The significance of this research extends beyond genetics with implications for pregnancy management and long-term health. Babies born with extremely low or high birth weights are at increased risk for metabolic disorders, cardiovascular disease, and other health complications later in life¹. Given the strong associations between rare variants and birth weight, identifying these specific genetic pathways allowed this study to lay the groundwork for targeted interventions that could optimize pregnancy outcomes and long-term health. This could be explored through the potential for early screening and predictive modeling. One concept this could apply to is the fetal-insulin hypothesis, which states that lower birth weight and Type II diabetes onset in adulthood are caused by the same genotype⁶. If a mother has an inheritable mutation that affects insulin function, the fetus will immediately be affected as insulin secretion and resistance is present from conception⁶. If doctors can identify high-risk pregnancies based on genetic screening, they could implement early interventions, like nutritional adjustments or closer monitoring, for better chances of reducing risks.

This study marks a significant step forward in understanding the genetic mechanisms of birth weight, connecting fetal genetics, maternal biology, and long-term health. As genetic research advances, the study’s findings have potential for leading to better health outcomes for both mothers and babies.

References

1. Kentistou, K. A. et al. Rare variant associations with birth weight identify genes involved in adipose tissue regulation, placental function and insulin-like growth factor signalling. Nature Communications 16, (2025).
2. Upners, E. N. et al. Dynamic Changes in Serum IGF-I and Growth During Infancy: Associations to Body Fat, Target Height, and PAPPA2 Genotype. The Journal of Clinical Endocrinology & Metabolism 107, 219–229 (2021).

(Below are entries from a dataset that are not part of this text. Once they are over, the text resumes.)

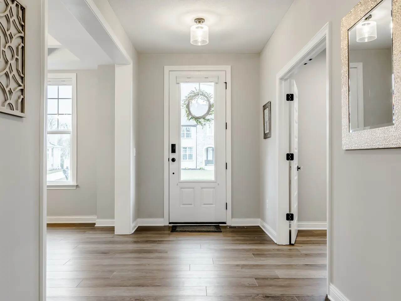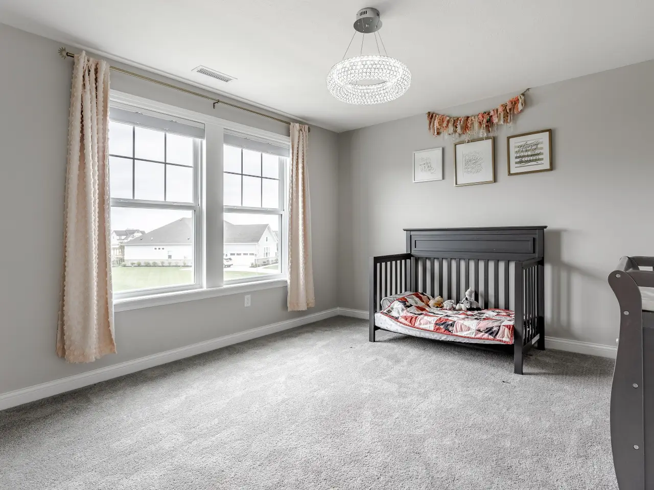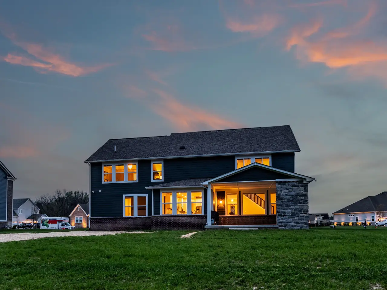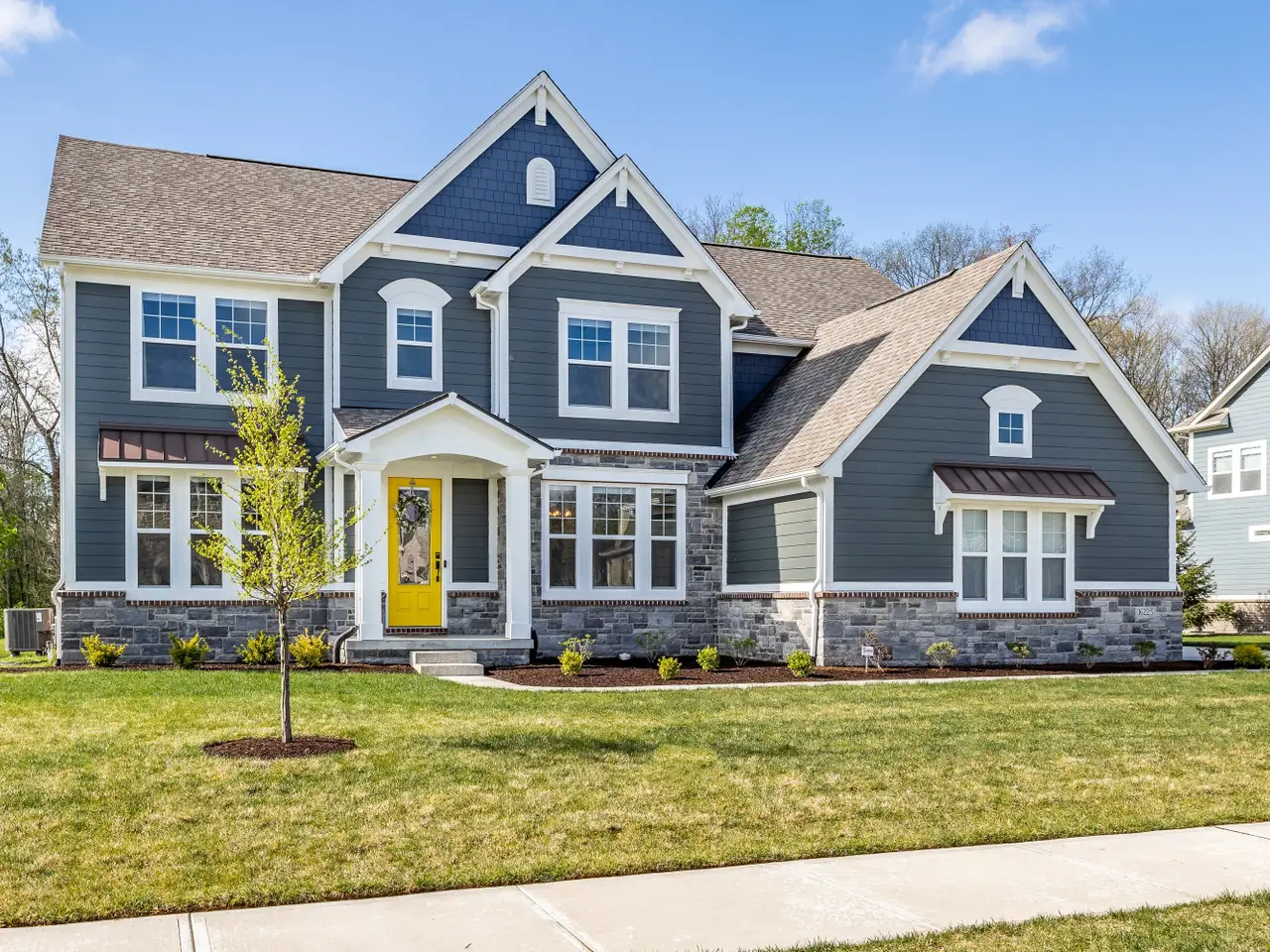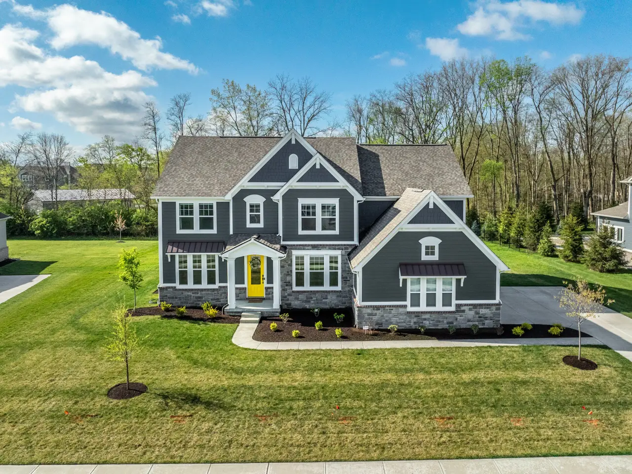 Luxury living at its finest! This immaculate five bedroom, 4.5 bath home was built in 2023 and is now ready for its next owner. The home boasts ample natural light, an open living room centered around a fireplace, and an oversized kitchen with a large island, extensive countertop space, and walk-in pantry. Upstairs, you'll find a spacious 20x16 bonus room and four bedrooms, including a primary suite with tray ceilings, a tiled dual system shower, and a spacious walk-in closet. The conveniently located laundry room is just outside the primary suite. The basement living area is equipped with surround sound, perfect for movie or game nights, and features a wet bar. Additionally, there is a fifth oversized bedroom and a full bathroom downstairs, ideal for guests. Ample storage space is available for a home gym. Situated on a quiet, half-acre private lot lined with trees, the property includes a covered patio with an outdoor fireplace - an ideal spot to enjoy your morning coffee. Located on the edge of Fishers/Fortville, this home is within walking distance of Flat Fork Creek Park, with shopping, grocery stores, and amenities nearby. The property also comes with a 4-year roofing system and 10-year structural warranties that are transferable.
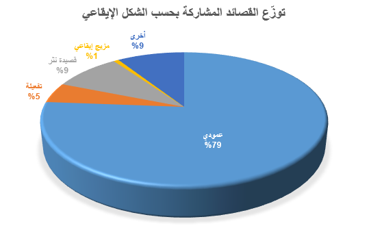 في سياق متصل، تبدو المشاركات ضمن فئتي القصيدة الحديثة (66 نصاً) والقصيدة الكلاسيكية (63 نصاً) متقاربةً أيضاً عددياً، مع ميل نسبي أعلى إلى النص الحديث.
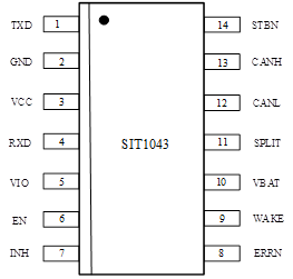SIT1043是一款應用于 CAN 協(xié)議控制器和物理總線之間的接口芯片,支持 5Mbps 靈活數據速率(Flexible Data-Rate),具有在總線與 CAN 協(xié)議控制器之間進行差分信號傳輸的能力。SIT1043總線端口耐壓可達-58V至+58V,接收器共模輸入電壓達到-30V至+30V,適用于 12V 或 24V 應用系統(tǒng)。SIT1043采用多電源供電,擁有多種系統(tǒng)保護和診斷功能以提高器件和 CAN 的穩(wěn)定性。另外,SIT1043擁有五種工作模式:正常工作模式、靜音模式、待機模式、睡眠等待模式和睡眠模式,在低功耗模式下支持本地喚醒與遠程喚醒;所提供的低功耗模式管理可極大節(jié)省 CAN 總線應用系統(tǒng)的電力,SIT1043帶INH腳功能,能夠控制給系統(tǒng)供電的LDO,使系統(tǒng)在休眠模式下關閉LDO輸出,達到最低功耗,以滿足客戶的低功耗需求。
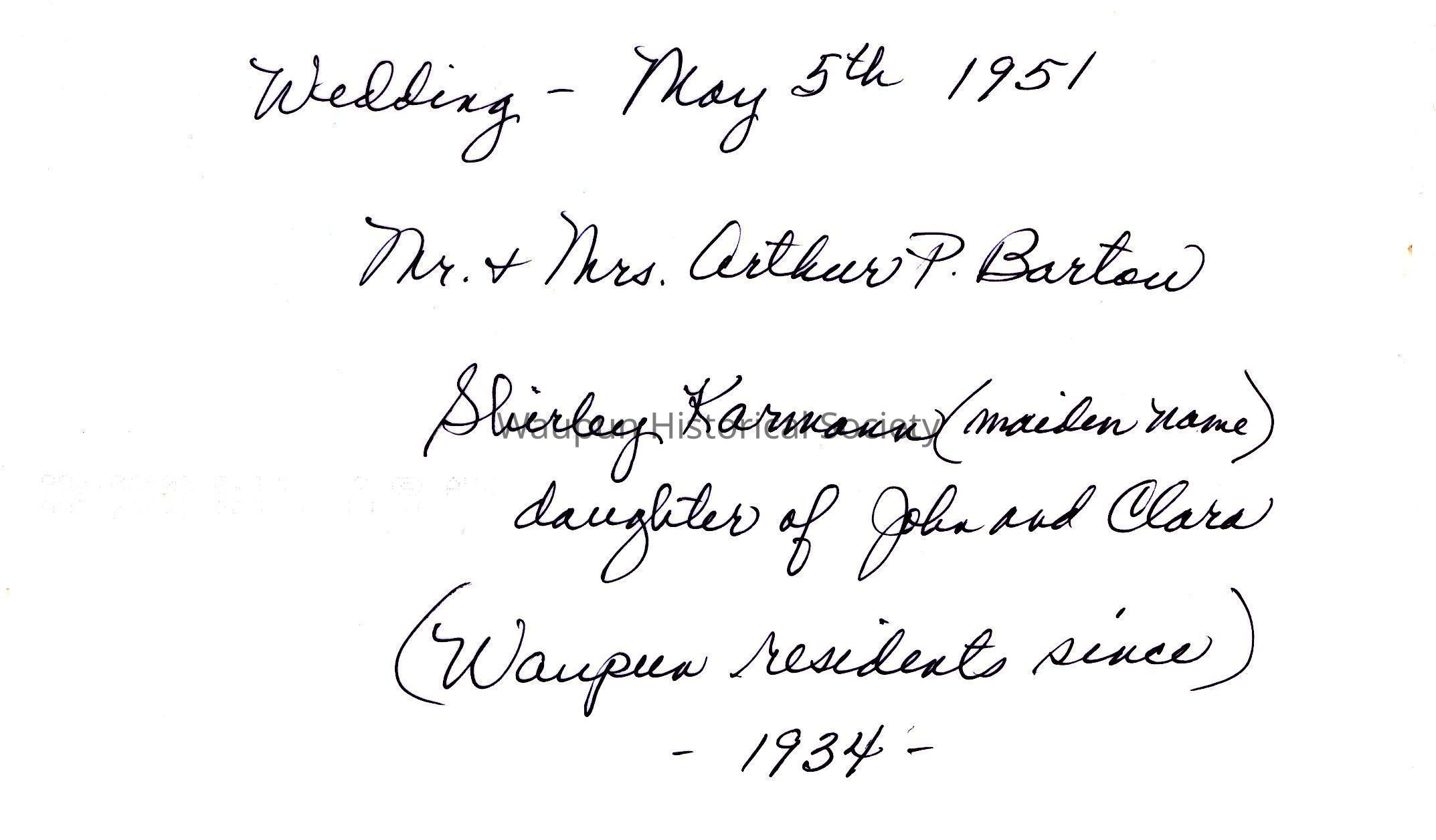Pictures of brides at The End of the Trail. It is grandparents and grand-daughter. The Grandparents wedding was May 5, 1951, Shirley Karmann, daughter of John and Clara, became Mr. & Mrs. Arthur P. Bartow. The grand daughter got married on April 29, 2006. Mary Johanna Bartow became Mr. & Mrs. Jason Pick, the weddings were 55 years apart.Acquisition

3. Darwish, N. M., Gouda, W., Almutairi, S. M., Elshikh, M. S. & Morcos, G. N. B. PPARG expression patterns and correlations in obesity. Journal of King Saud University – Science 34, 102116 (2022).

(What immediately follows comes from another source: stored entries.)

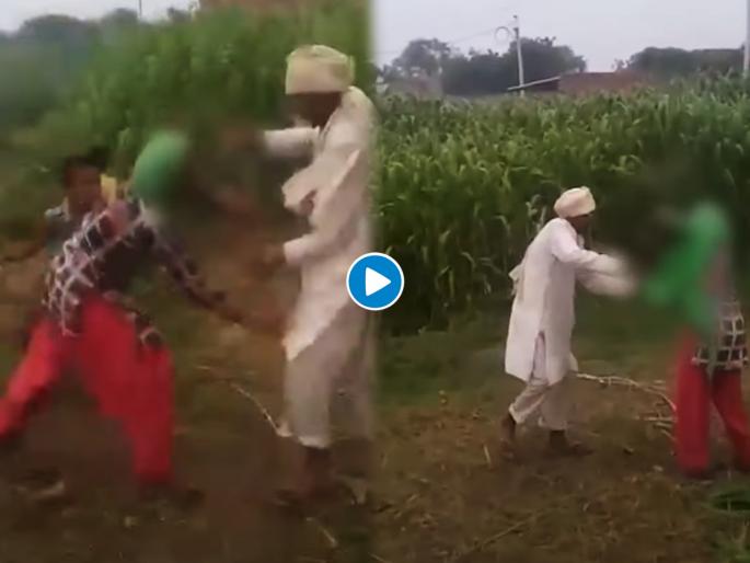 सासरा आणि सूनेच्या मारहाणीच्या या व्हिडीओत तुम्ही बघू शकता की, बराचवेळ दोघांमध्ये ओढाताण सुरू होती. नंतर सासऱ्याने मोठी काठी घेत सूनेला मारणं सुरू केलं. तर आपल्या बचावासाठी सूनेने ती काठी हिसकावून घेण्याचा प्रयत्न केला. पण तिला काही यश आलं नाही. तुम्ही बघू शकता की, सासरा सूनेवर लागोपाठ काठीने हल्ला करत आहे. शेतात झालेल्या या भांडणाचा व्हिडीओ व्हायरल झाला आहे.
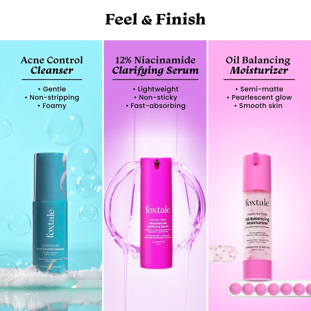 The Foxtale Clear Skin Care Trio combines a powerful acne cleanser, a 12% niacinamide serum, and an oil-balancing moisturizer to target acne, blemishes, and excess oil effectively. Formulated with salicylic acid, azelaic acid, and cica, this 180 ml set works synergistically to unclog pores, calm inflammation, and restore skin balance within 14 days. Ideal for oily and acne-prone skin, it promotes clearer, calmer, and healthier-looking skin through a dermatologist-inspired regimen.
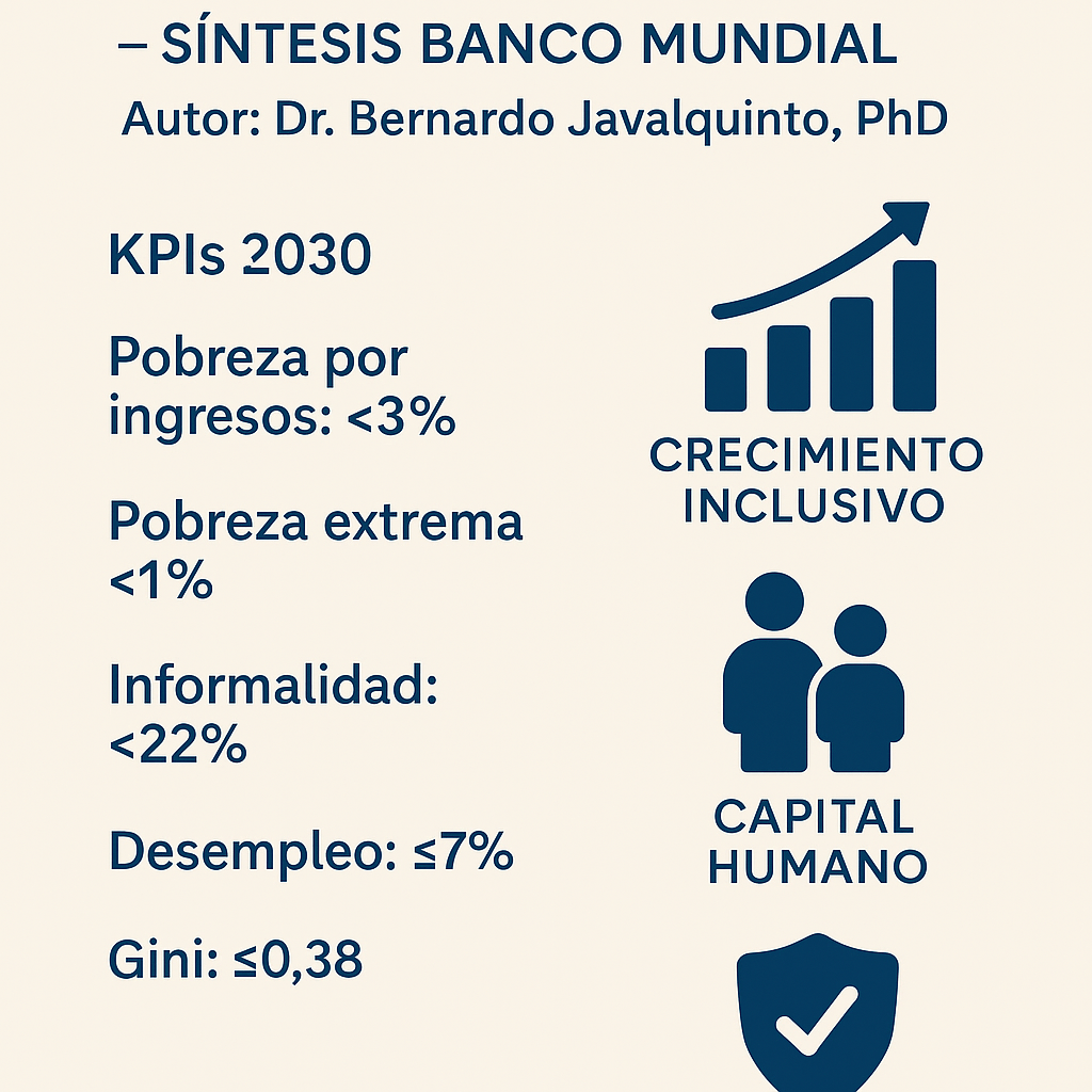 | Gini | 0,43 (2022) | ≤ 0,38 | bancomundial.org |

4. Deaton, A. M. et al. Rare loss of function variants in the hepatokine gene INHBE protect from abdominal obesity. Nature Communications 13, 4319 (2022).

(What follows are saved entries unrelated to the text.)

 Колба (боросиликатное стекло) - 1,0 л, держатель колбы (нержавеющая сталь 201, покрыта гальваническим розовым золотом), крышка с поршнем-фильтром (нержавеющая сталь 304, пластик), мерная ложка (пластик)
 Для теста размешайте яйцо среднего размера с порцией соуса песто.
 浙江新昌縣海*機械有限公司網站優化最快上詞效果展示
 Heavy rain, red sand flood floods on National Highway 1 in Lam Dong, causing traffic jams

5. Yi, K. et al. Association between NOS3 gene polymorphisms and genetic susceptibility to congenital heart Disease: A systematic review and meta-analysis. Cytokine 173, 156415–156415 (2024).
6. Hughes, A. E., Hattersley, A. T., Flanagan, S. E. & Freathy, R. M. Two decades since the fetal insulin hypothesis: what have we learned from genetics? Diabetologia 64, 717–726 (2021).
7. Plianchaisuk, A. et al. Origination of LTR Retroelement–Derived NYNRIN Coincides with Therian Placental Emergence. Molecular Biology and Evolution 39, (2022).